So I have two angles, a1 and a2, in the range [0, 2*PI). I want to adjust a1 .01 radians towards a2. How do I determine if I need to add or subtract .01 radians?

I understand that I can calculate the two differences thusly:

difference1 = Math.abs(a2 - a1)

difference2 = 2*PI - difference1

But even given those two differences, I don't see how to make the leap in the right direction. I can't think of a simple way of doing it that doesn't involve looking at things on a case by case, per quadrant basis.

#include <cmath>

float const Pi = std::atan(1.0f) * 4.0f;

float angle_diff(float a1, float a2) {
  float diff = a2 - a1;
  
  if (diff >= Pi)
    return diff - 2.0f * Pi;
  
  if (diff < -Pi)
    return diff + 2.0f * Pi;
  
  return diff;
}

float limited_angle_diff(float a1, float a2, float max) {
  float d = angle_diff(a1, a2);
  
  if (std::abs(d) > max)
    return d > 0 ? max : -max;
  
  return d;
}

You should consider using unit-length complex numbers instead of angles, because rotations are more naturally expressed that way. If you were doing that, this is what the could would look like:

#include <complex>

typedef std::complex<float> Complex;

Complex limited_rotation_towards(Complex z1, Complex z2, Complex max) {
  Complex r = z2 / z1; // Look, ma, no special cases!

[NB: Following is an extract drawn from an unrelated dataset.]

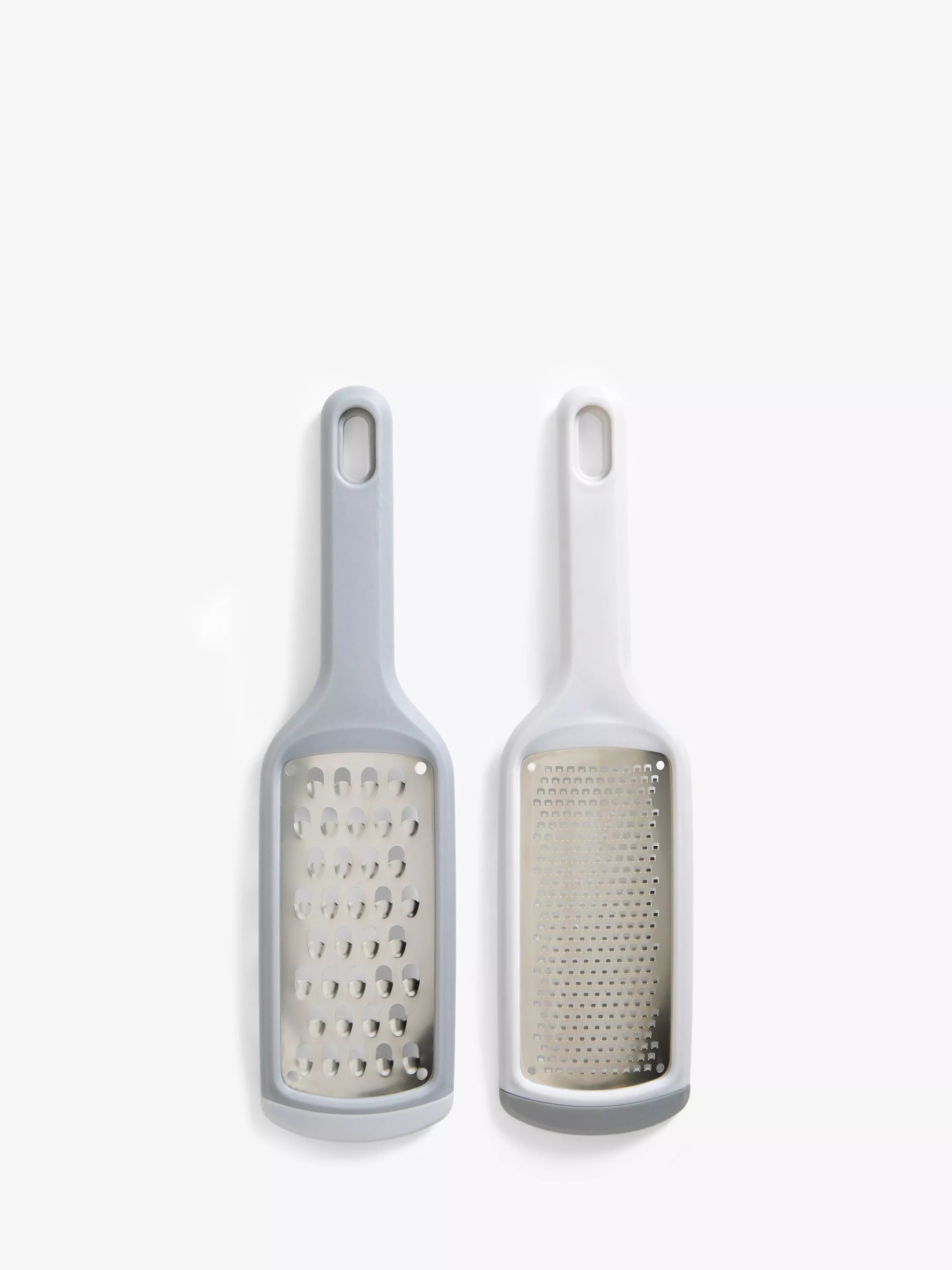 Zwei handliche Reiben, die sich platzsparend zusammenstecken lassen. Beide haben scharfe, säuregeätzte Edelstahlklingen: eine zum groben Reiben von Hartkäse oder Schokolade, die andere zum Reiben von Muskatnuss oder Abreiben von Zitrusschalen – ideal zum Verfeinern von Salaten, Backwaren und vielem mehr.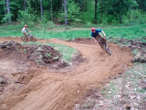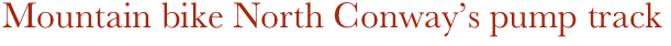 This pump track was located in North Conway, a resort town in New Hampshire's White Mountains. Armed with rakes, shovels and other tools, about 20 avid mountain bikers from middle school students to the retired crowd spent a morning building the pump track on a small tract of land by the Green Hills Preserve which is an area mountain biking hot spot. The track is located next to the Sticks and Stones Trail which isn’t far from North Conway Village. From Route 16 or North-South Road, travel on Artist Falls Road to the trailhead on Thompson Road.

  if (std::abs(r.imag()) > max.imag())
    return r.imag() > 0 ? max : conj(max);

  return r;
}

Is the complex just a mapping of (real, imaginary) -> (x, y) for this case?

35 minutes ago, aptpatzer said:

Is the complex just a mapping of (real, imaginary) -> (x, y) for this case?

A complex number is a number of the for a+b*i, where i = sqrt(-1). You can identify the point (x,y) with the complex number x+y*i, and a rotation of angle a with the complex number cos(a)+sin(a)*i. Then applying a rotation around the origin is simply multiplication. That makes a lot of operations very convenient.

Let me know if that's still not clear enough.

Yep it's clear. Euler's formula traces a unit circle in the complex plane. I'll have to implement a complex class and overload some arithmetic operators for it. That should be fun and useful though. Thanks for the help sir.

Incidentally the same mapping also applies to the higher-order complex numbers like quaternians, but thinking of orientation as a four-dimensional value is a little more difficult.